Tanzanian lawyer and politician (born 1956)

Palamagamba John Aidan Mwaluko Kabudi (born February 24, 1956) is a Tanzanian lawyer who from April 2021 to January 2022 served as the country's Minister for Constitution and Legal Affairs, appointed by President Samia Suluhu. He was a Minister for Foreign Affairs and East African Cooperation appointed by President John Pombe Magufuli since 2020 to 2021.

== Early life and education ==
Kabudi was born in Singida, Singida Region. He first attended Kilimatinde Primary school in 1964 then from 1965 to the end of 1966 he went to Kitete Primary school. In 1967 he finally transferred to Berega Primary School before completing his CPEE at Mvumi Mission Primary School. In 1971 he joined The Tosamaganga Secondary School where he earned CSEE of Ordinary level education. From 1975 to 1976 he completed his ACSEE education at Milambo Secondary School.
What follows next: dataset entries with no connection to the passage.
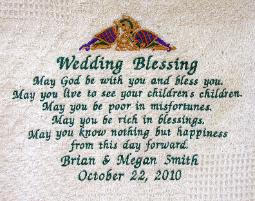 | Celtic Crests offers this 100% Cotton Throw, beautifully Embroidered with the Book of Kells Doves and the Irish Wedding Blessing and Personalized with the Bride and Groom's Names and Wedding Date. |
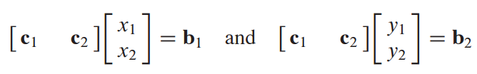 이때, x1, x2는 [c1 c2 : b1] 첨가행렬을 row reducing 해서 [I : [b1]c] 꼴로 나타내고, y1 y2도 마찬가지로 row reducing 해서 찾아야 한다.
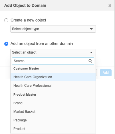 Add an object from another domain - Select an existing object from another domain to add it to the current domain. If there is only one domain in your Network instance, this option is not available.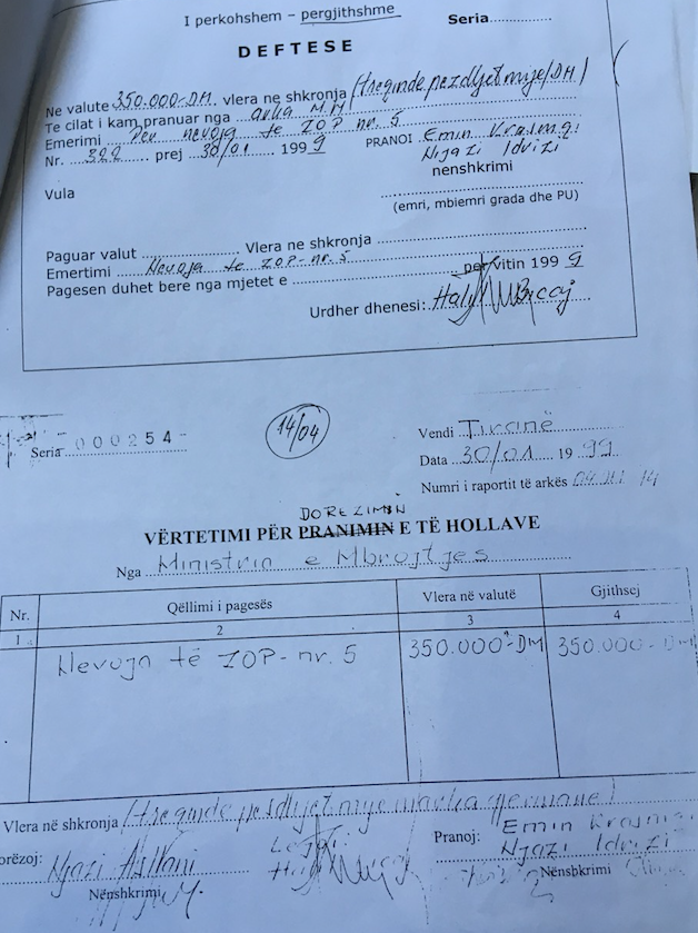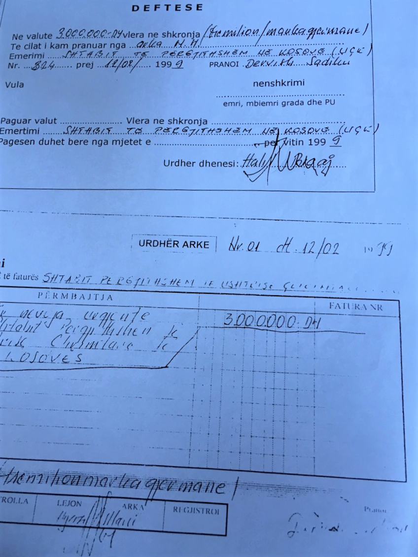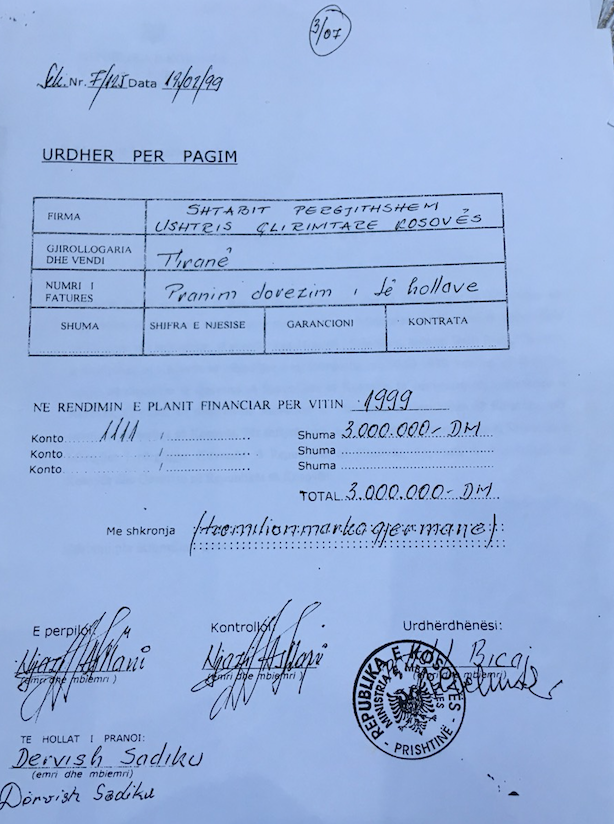 (Shihni në vijim faksimilin e pagesave që i janë bërë UÇK-së me të hollat e Fondit të Republikës së Kosovës)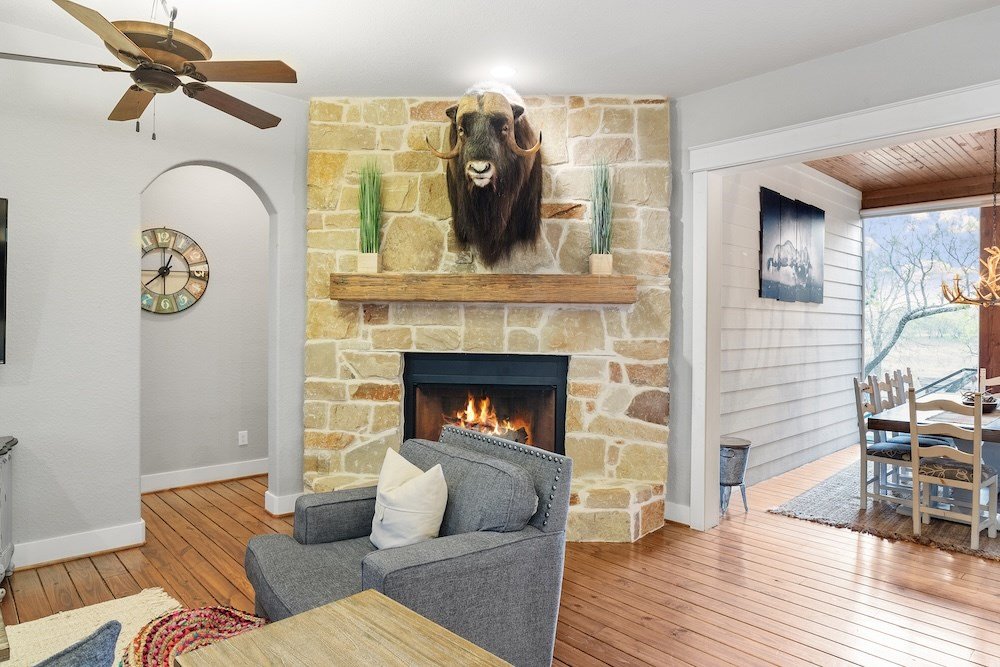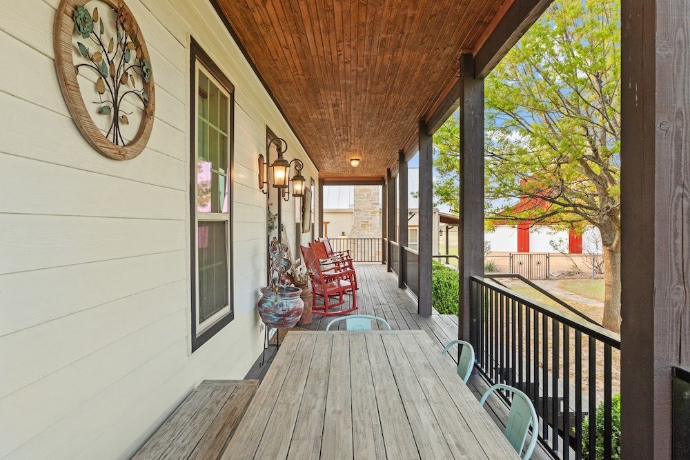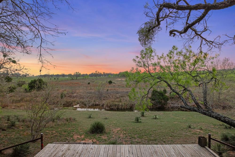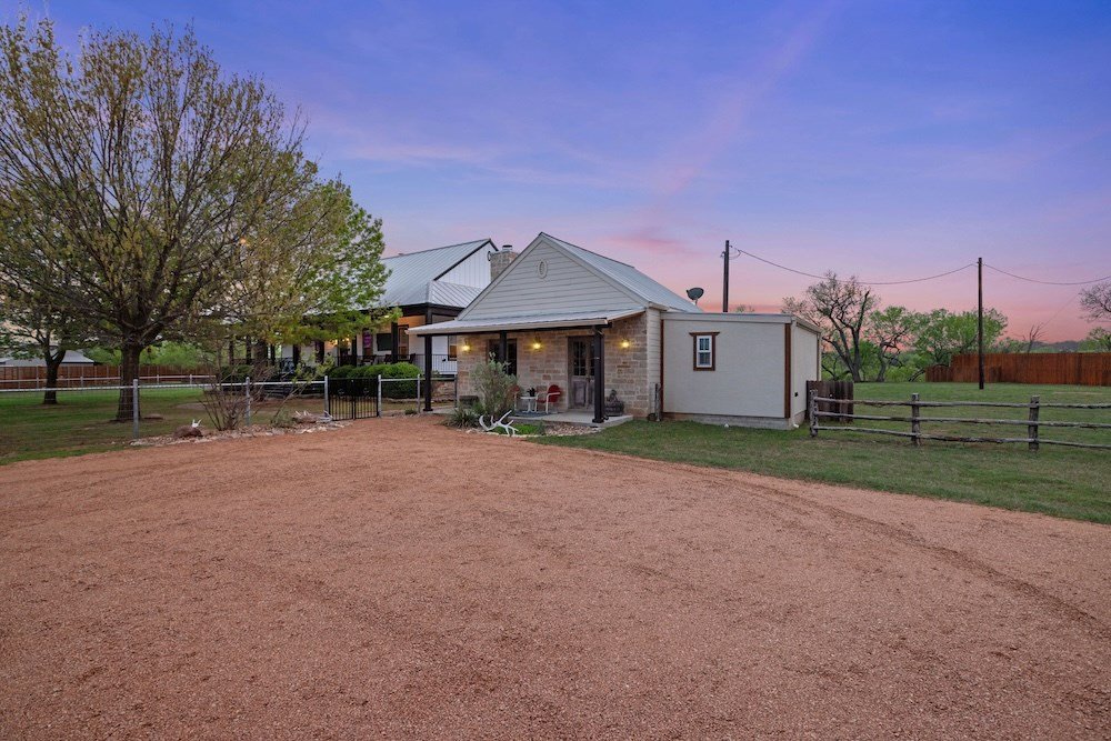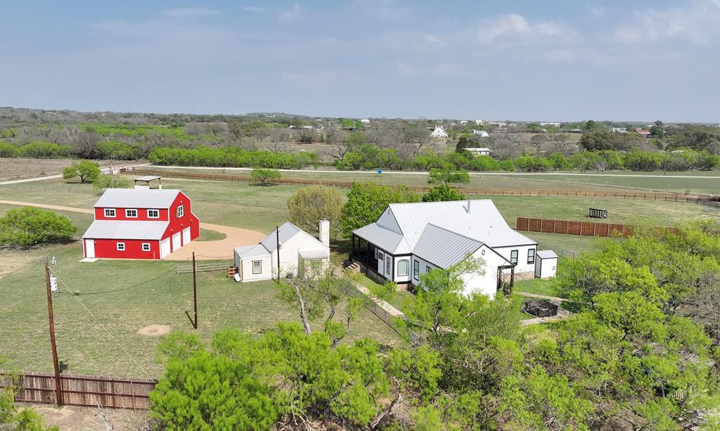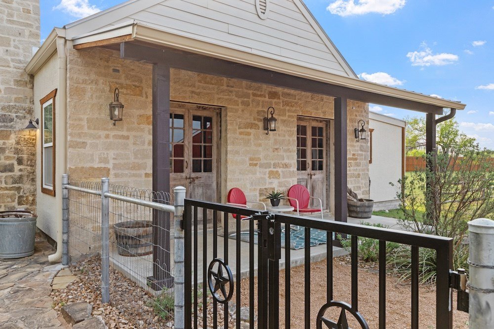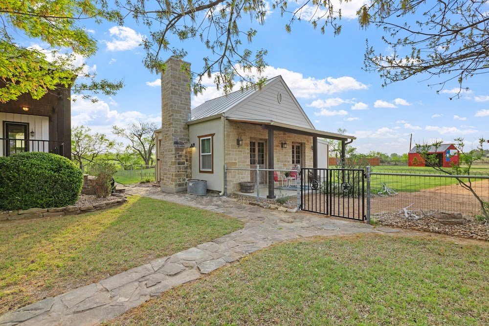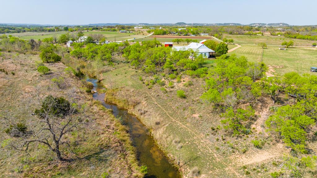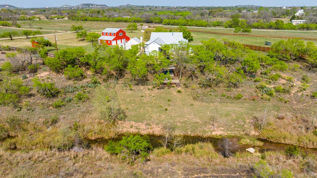 A CREEK RUNS THROUGH IT – Imagine waking up to the gentle sound of flowing water, stepping onto your wraparound porch with coffee in hand, and watching the sunrise over your own piece of Texas Hill Country paradise. This isn't just a dream – it's what life looks like at this stunning 6-acre estate straddling Live Oak Creek. Soaring ceilings and rich hardwood floors set the stage for a space that's both grand, warm and welcoming. The heart of this 4-bedroom / 2.5-bath home is a chef's dream kitchen complete with a Wolf brand 6-burner gas range, huge island perfect for gathering, beautiful countertops and a gorgeous copper farmhouse sink that adds just the right touch of rustic charm. The living area is bright and open and features a big rock fireplace and flows perfectly with the kitchen. You will also love all the storage between the kitchen and large pantry area and a large utility room. Just off the kitchen is a quaint and intimate dining area with character-rich ship-lap ceilings. The perfect space for intimate meals with friends and family turned into late night board games and beverages. Meanwhile, the primary suite will become your private escape and offers a spacious bright bedroom with elongated windows flooding the space with natural light, along with a spa-like bathroom featuring a classic clawfoot tub, double vanities, walk-in shower and roomy walk-in closet. The additional 3 guest rooms are also equally well-appointed making plenty of room for everybody. Plus, there is a home office that could easily be converted to a 5th bedroom. GASTE HAUS (Guest House) – This unique and well thought out guest house greets your guests to a little rustic elegance of their own. The house is roomy and spacious with an open concept floor plan. The living area is spacious and equipped with a beautiful fireplace and exposed beams on the ceiling. You will love the ship-lap walls and wood floors through most of the house along with two (2) more spacious bedrooms and a tastefully done bathroom with a walk-in shower. Not to mention, the cozy covered porch overlooking the gorgeous views. A perfect spot for guests to enjoy a morning cup of coffee or evening beverage of choice. This is the ideal spot for visitors who are staying more than a few days with the option of becoming a short term rental (STR), your own private office, workout area, art studio, you name it! If STR's are what you are searching for than you could even turn the whole place into a bed and breakfast complex if you choose. No matter how you use it this set up offers a lot of versatility. OUTSIDE – This property's 275 + feet of creek frontage on both sides of Live Oak Creek isn't just a feature – it's a lifestyle. Cool off in the creek on hot summer days, unwind in the hot tub under a blanket of stars, or host the ultimate barbecue in your private cabana. The fully fenced property keeps your pets safe while they explore their new paradise. THERE IS MORE – In addition, there is a great sized three (3) bay detached garage/workshop/implement building. Car enthusiast? Artist? Entrepreneur? The three-bay workshop/garage is your blank canvas. With bonus space upstairs that could become anything from a studio apartment to the ultimate storage solution, the possibilities are endless. All this just 4 miles South of Fredericksburg's famous historic Main Street with shops, winery's and restaurants. Also, conveniently located just across the street from both the local airport and Lady Bird Johnson Golf Course and just minutes to the grocery store (H-E-B). Making this a property that has something for everyone. You're close enough to enjoy all the charm of this beloved Hill Country town but far enough to savor your privacy. Country living with city conveniences at your fingertips!

Kabudi went to the University of Dar Es Salaam from 1980 to 1983 where he obtained his LLB. He furthered his studies in the same institution from 1984 to 1986 where he was awarded LLM. After that he attended Freie Universität Berlin where he obtained a Juris Doctor.

== Political career ==
Professor Kabudi got his first cabinet position in the first Magufuli cabinet as the Minister of Justice and constitutional affairs. Following the death of Foreign minister Augustine Mahiga, Kabudi took over the post as the 15th Minister of Foreign Affairs in 2019. He continued to hold this post through the new Suluhu Cabinet in 2021. Following the second major reshuffle of the cabinet in January 2022, Kabudi was released from a cabinet position and was granted a special advisory role in the President's office.

== Minister for Foreign Affairs and East African Cooperation ==
In 2019, Kabudi summoned Canada's High Commissioner Pamela O'Donnell to protest after a DHC Dash 8-400 turboprop, set to be delivered to state-owned Air Tanzania was impounded in a land compensation dispute.